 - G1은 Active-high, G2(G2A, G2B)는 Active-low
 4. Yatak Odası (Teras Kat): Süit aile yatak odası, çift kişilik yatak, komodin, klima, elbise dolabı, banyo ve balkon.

...

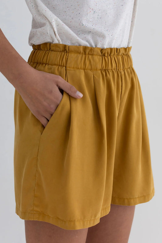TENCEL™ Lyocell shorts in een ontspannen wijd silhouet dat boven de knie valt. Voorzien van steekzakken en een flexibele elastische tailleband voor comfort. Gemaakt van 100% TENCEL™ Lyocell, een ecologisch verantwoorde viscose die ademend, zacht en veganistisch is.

* * *

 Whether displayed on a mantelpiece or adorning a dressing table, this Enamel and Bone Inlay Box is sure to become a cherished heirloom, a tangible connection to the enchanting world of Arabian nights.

What to work on
Find the line with "- G1은 Active-high, G2(G2A, G2B)는 Active-low" in the material above. Reproduce it and each line after it up to and including the line with "4. Yatak Odası".

Solution to this exercise
 - G1은 Active-high, G2(G2A, G2B)는 Active-low
 4. Yatak Odası (Teras Kat): Süit aile yatak odası, çift kişilik yatak, komodin, klima, elbise dolabı, banyo ve balkon.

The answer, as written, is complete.